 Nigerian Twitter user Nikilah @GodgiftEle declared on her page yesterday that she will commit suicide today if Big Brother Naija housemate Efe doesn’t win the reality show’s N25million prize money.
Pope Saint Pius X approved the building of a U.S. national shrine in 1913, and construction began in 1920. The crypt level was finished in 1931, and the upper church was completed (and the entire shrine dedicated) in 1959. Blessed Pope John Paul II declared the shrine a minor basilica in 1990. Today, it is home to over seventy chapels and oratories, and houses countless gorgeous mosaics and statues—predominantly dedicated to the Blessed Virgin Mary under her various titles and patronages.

■ ■ ■ ■ ■ ■ ■

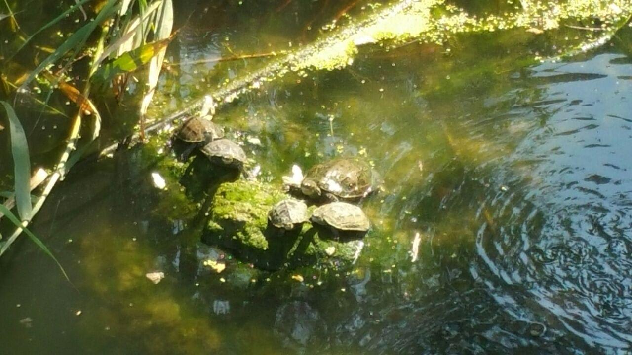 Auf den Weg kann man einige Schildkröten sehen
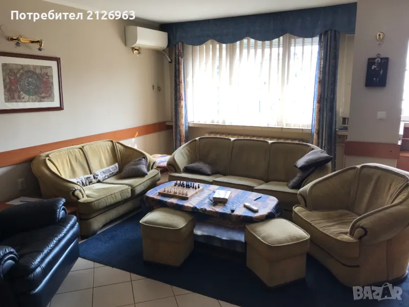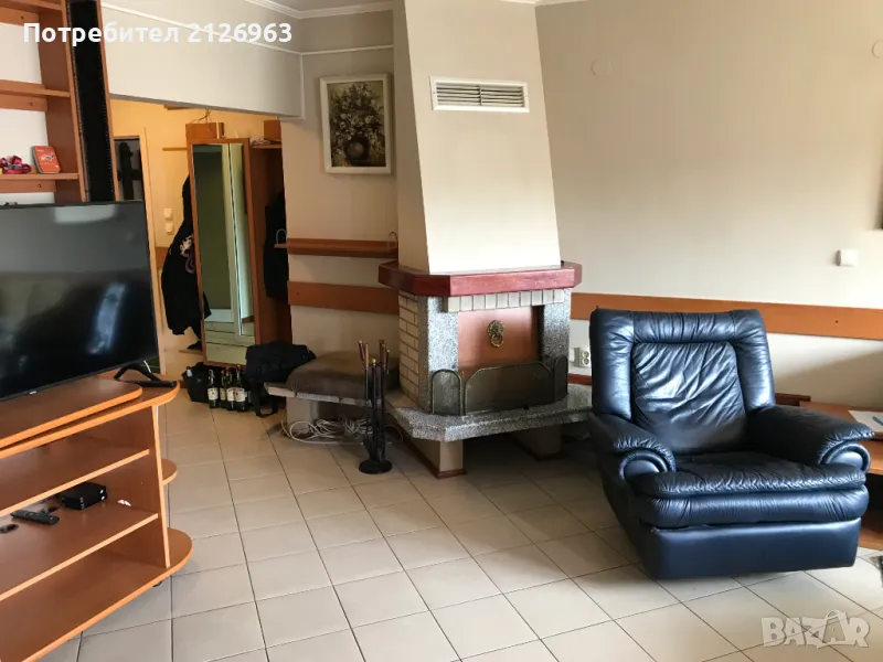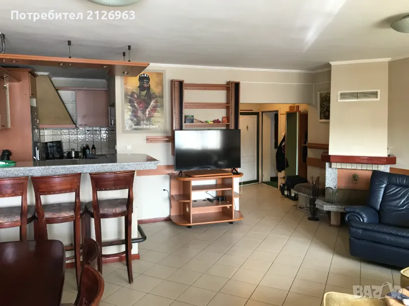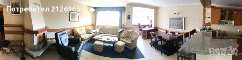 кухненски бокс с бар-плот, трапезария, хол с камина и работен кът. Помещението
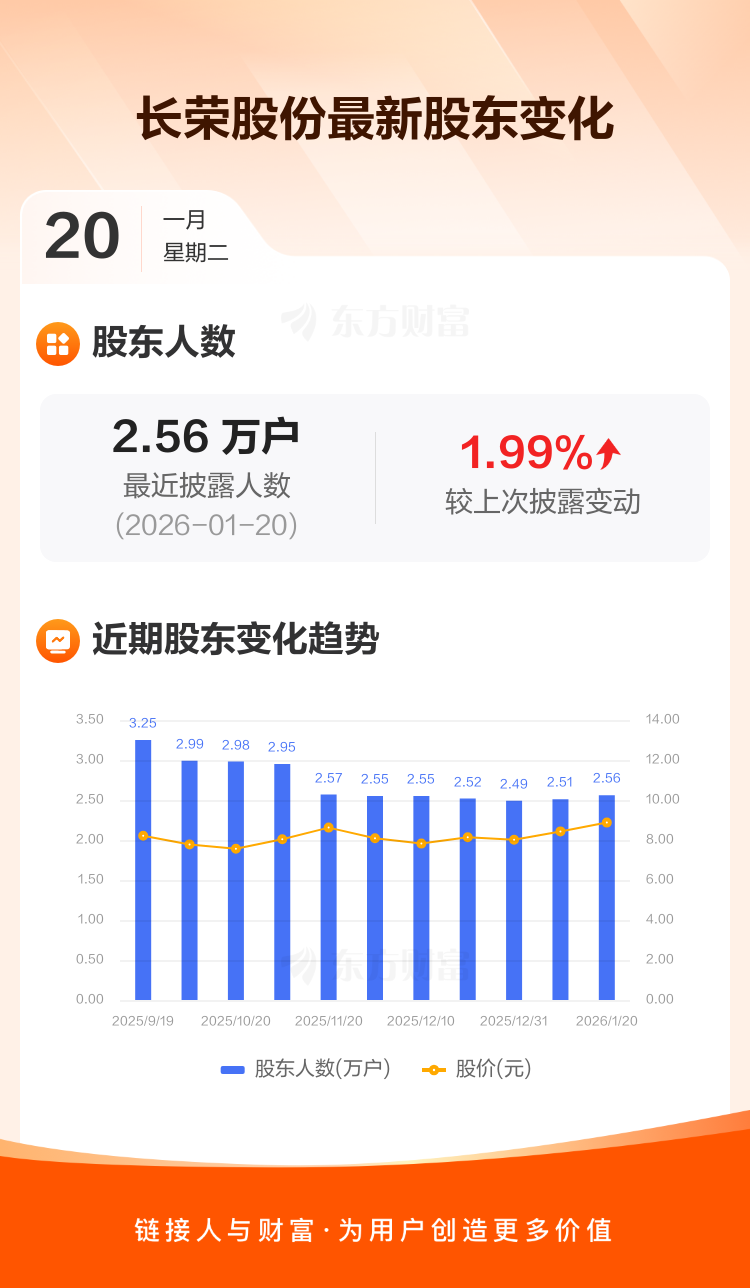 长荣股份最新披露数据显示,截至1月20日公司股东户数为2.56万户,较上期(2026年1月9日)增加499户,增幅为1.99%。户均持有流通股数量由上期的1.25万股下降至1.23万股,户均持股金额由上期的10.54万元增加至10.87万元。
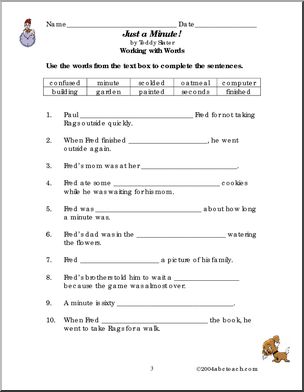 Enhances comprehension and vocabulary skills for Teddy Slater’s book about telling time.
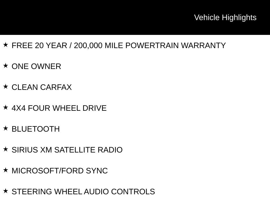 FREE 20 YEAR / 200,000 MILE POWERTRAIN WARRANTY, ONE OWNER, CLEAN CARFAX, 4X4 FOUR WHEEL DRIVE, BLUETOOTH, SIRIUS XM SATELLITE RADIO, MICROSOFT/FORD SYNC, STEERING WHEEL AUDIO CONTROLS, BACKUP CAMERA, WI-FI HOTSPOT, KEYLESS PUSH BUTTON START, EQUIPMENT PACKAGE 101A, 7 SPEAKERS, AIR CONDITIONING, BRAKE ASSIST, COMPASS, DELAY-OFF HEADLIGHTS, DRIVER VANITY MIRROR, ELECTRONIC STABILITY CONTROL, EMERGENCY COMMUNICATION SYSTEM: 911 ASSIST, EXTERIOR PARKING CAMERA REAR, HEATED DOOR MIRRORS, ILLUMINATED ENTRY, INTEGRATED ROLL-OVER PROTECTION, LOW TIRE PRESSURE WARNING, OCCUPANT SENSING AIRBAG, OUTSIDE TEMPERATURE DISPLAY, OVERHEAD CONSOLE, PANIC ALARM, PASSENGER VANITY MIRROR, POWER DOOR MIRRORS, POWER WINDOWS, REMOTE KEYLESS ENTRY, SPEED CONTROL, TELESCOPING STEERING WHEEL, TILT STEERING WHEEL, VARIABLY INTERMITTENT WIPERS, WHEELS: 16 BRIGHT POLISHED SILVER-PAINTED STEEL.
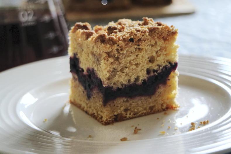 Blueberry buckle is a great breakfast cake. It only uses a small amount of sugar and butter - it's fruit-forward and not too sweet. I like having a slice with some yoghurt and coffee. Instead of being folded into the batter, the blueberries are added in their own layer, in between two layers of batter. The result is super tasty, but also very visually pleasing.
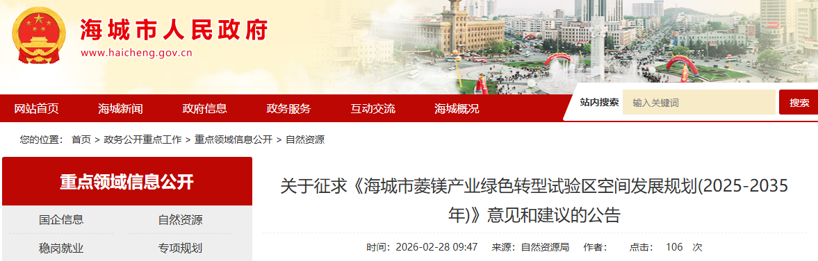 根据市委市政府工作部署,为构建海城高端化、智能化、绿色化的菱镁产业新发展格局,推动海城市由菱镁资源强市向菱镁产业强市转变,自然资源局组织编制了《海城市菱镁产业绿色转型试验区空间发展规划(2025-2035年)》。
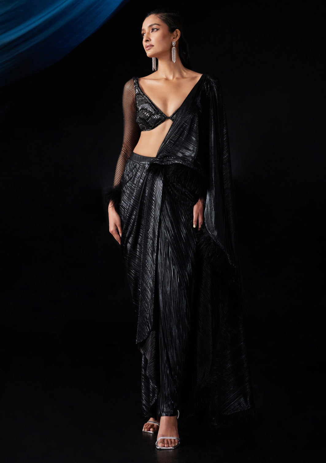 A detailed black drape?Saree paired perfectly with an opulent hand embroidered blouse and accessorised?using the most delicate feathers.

■ ■ ■ ■ ■ ■ ■

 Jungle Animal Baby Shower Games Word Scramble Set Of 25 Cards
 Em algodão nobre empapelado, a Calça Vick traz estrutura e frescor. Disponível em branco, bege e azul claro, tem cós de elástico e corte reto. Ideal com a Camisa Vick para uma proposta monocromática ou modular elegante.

■ ■ ■ ■ ■ ■ ■

### Exercise objective:
I'd like the lines above repeated exactly, from the one that contains "Auf den Weg" through the one that contains "Enhances comprehension and", with no pictures.

### Completed exercise:
 Auf den Weg kann man einige Schildkröten sehen
 кухненски бокс с бар-плот, трапезария, хол с камина и работен кът. Помещението
 长荣股份最新披露数据显示,截至1月20日公司股东户数为2.56万户,较上期(2026年1月9日)增加499户,增幅为1.99%。户均持有流通股数量由上期的1.25万股下降至1.23万股,户均持股金额由上期的10.54万元增加至10.87万元。
 Enhances comprehension and vocabulary skills for Teddy Slater’s book about telling time.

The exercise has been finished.